Ticket #575 (new defect)
high-time connections in handle-req impact fastcgi overload calculation
| Reported by: | moorman | Owned by: | jan |
|---|---|---|---|
| Priority: | highest | Milestone: | |
| Component: | mod_fastcgi | Version: | 1.4.19 |
| Severity: | critical | Keywords: | |
| Cc: | ts77@… | Blocked By: | |
| Need User Feedback: | no | Blocking: |
Description
This ticket is a summary of details presented to Jan via IRC on 2006-03-10.

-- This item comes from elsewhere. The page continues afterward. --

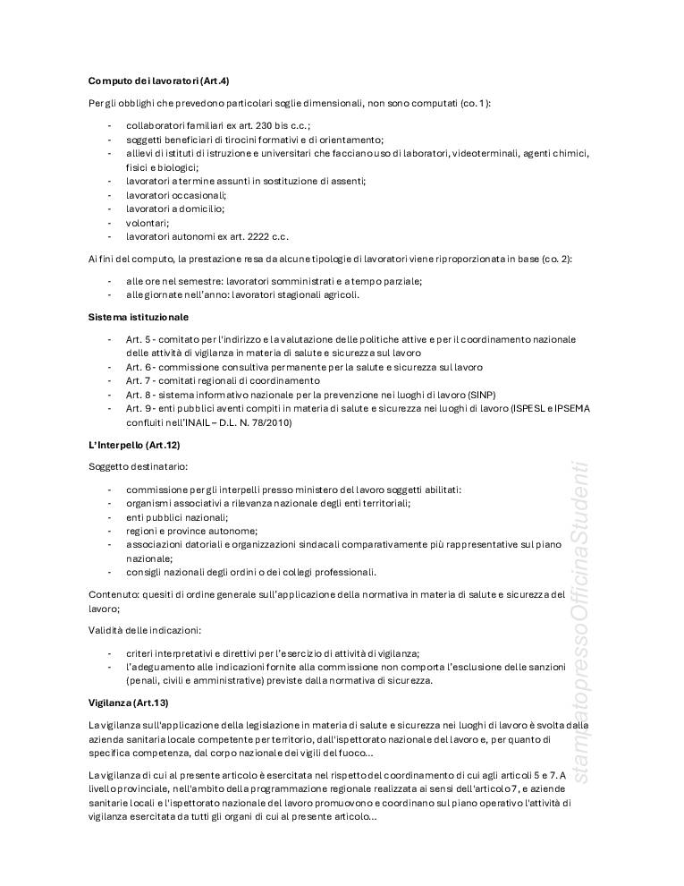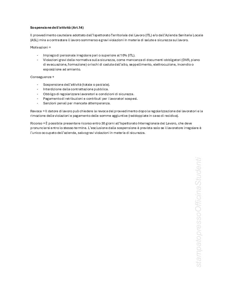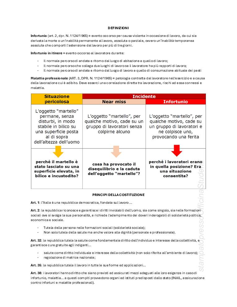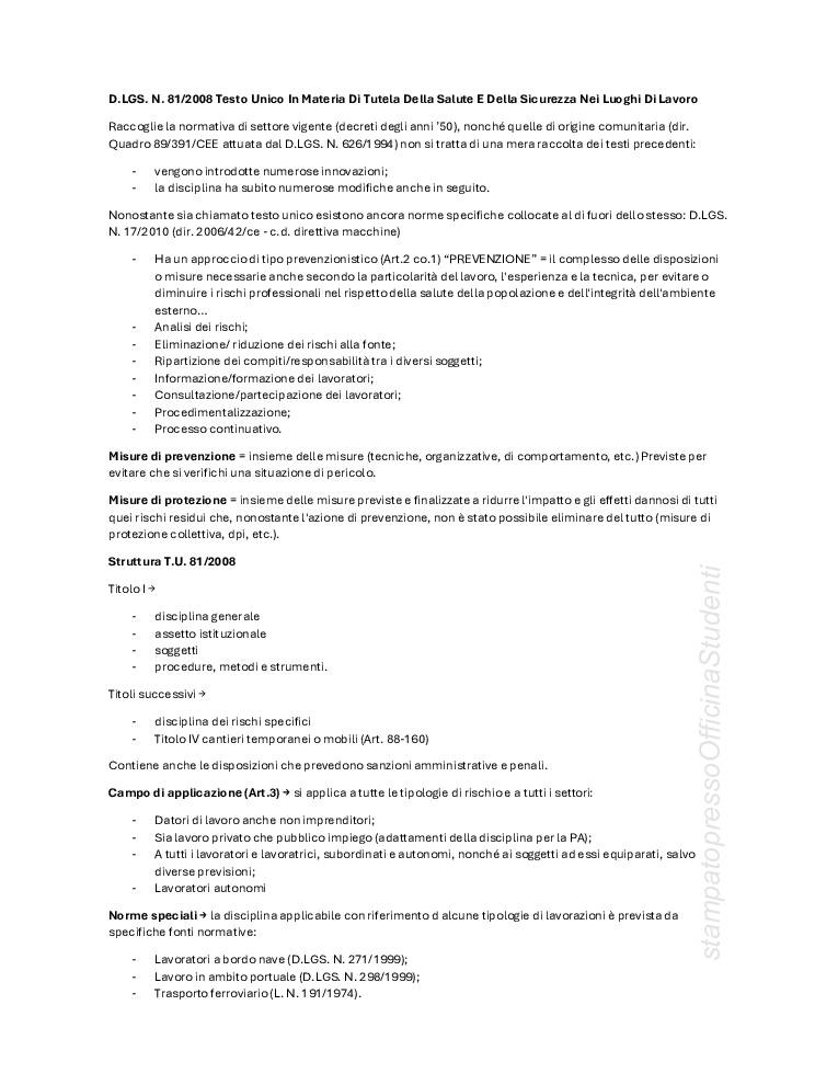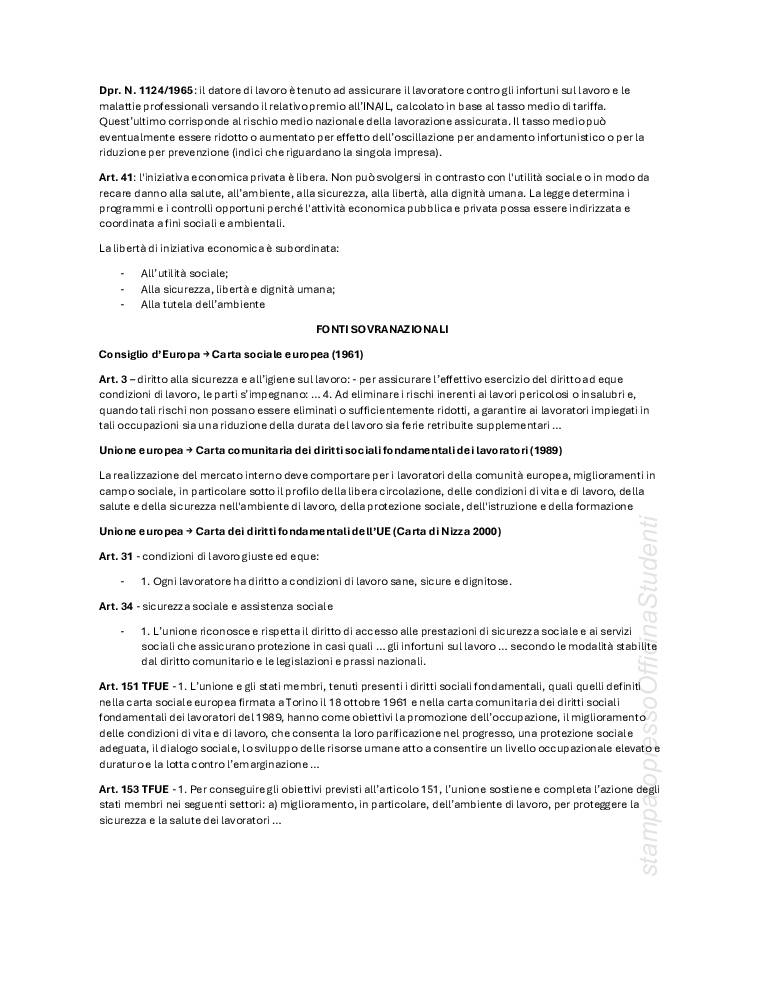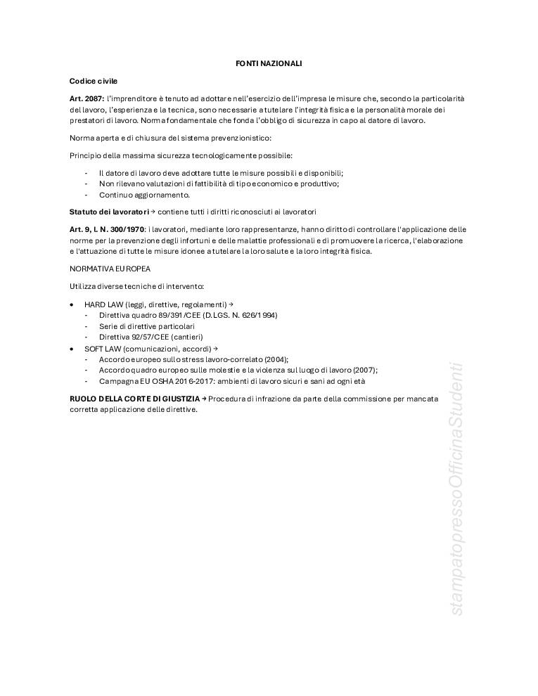 PDF creato con appunti a lezione e integrato con le slide fornite dal prof Bonanomi, redatti da Anna Patarini. Argomenti trattati: definizioni base (danno, infortunio, malattia professionale, rischio pericolo, ecc…) principi della costituzione, fonti sovranazionali, nazionali, europee, T.U. 81/2008, interpello, vigilanza, sospensione dell’attività, lavoro subordinato, autonomo e parasubordinato, soggetti della sicurezza (lavoratore, datore di lavoro, dirigenti, preposti, RLS, RSPP, SPP, medico competente), riunione periodica, sanzioni, MOG, valutazione dei rischi, DVR, DUVRI, appalti.

Based on a pool of six lighttpd heads receiving traffic from a load balancer, all six heads reached a terminal overload state where they could not recover without restart. From internal statistics, fastcgi load was 100+ on each head. After restart of lighttpd on a head, once it was picked up by the load balancer, fastcgi load stabilized at ~20.
fastcgi.backend.main-php.0.connected: 205994 fastcgi.backend.main-php.0.died: 0 fastcgi.backend.main-php.0.disabled: 0 fastcgi.backend.main-php.0.load: 144 fastcgi.backend.main-php.0.overloaded: 488 fastcgi.backend.main-php.1.connected: 155287 fastcgi.backend.main-php.1.died: 0 fastcgi.backend.main-php.1.disabled: 0 fastcgi.backend.main-php.1.load: 144 fastcgi.backend.main-php.1.overloaded: 488 fastcgi.backend.main-php.load: 288
Confirmed at the load balancer that this was not a high amount of inbound traffic. lighttpd server status showed a reasonable distribution of various pages waiting in handle-req status with high values for the Time column.
338 connections hWhhhhrhhhhhhhhhWrhhhrhhhhhhhrhWrhrhhhhhhhWhhhhhhh hhhhhhhhhrhhrhhhhhhhhhhhhhhhhhhhhrhhhhhhhhhhhhrrhh rhhhhhrWrrrrhhhhhhrhhhhhhhrhhhhhrhhhhhhrhWhhhhrrhr hhrhhhhhhhhhhhhWhhhrhhhrhhrhhhrhhhWhhhhhhhhhhhrhhh hhrrhhrhhrhhhrhrrhhhhhWhhhhhhhWhrhrrrhhhrrhhhhrhhh WWrrhrrrrWrhrhWrrrrrrrhrWhrrhrrhhrhhhhrhrhhhWhrWrr hrhrhhhhhhhhrhhrhhhWhrhhhrrrrrrhhhhhhh
Approximately 150 connections shown in handle-req status have Time of 2756 or higher. Approximately 30-40 connections of this set have Time of 5000 or higher.
lighttpd error log shows continual overload status causing disable, wait, re-enable in continual cycle. Heads will not recover without restart, but head works fine after restart has occurred.
Based on discussion via IRC, as a workaround measure, plan is to add a global timeout for handle-req, such that these long-running connections in handle-req status will be shed.
-Jacob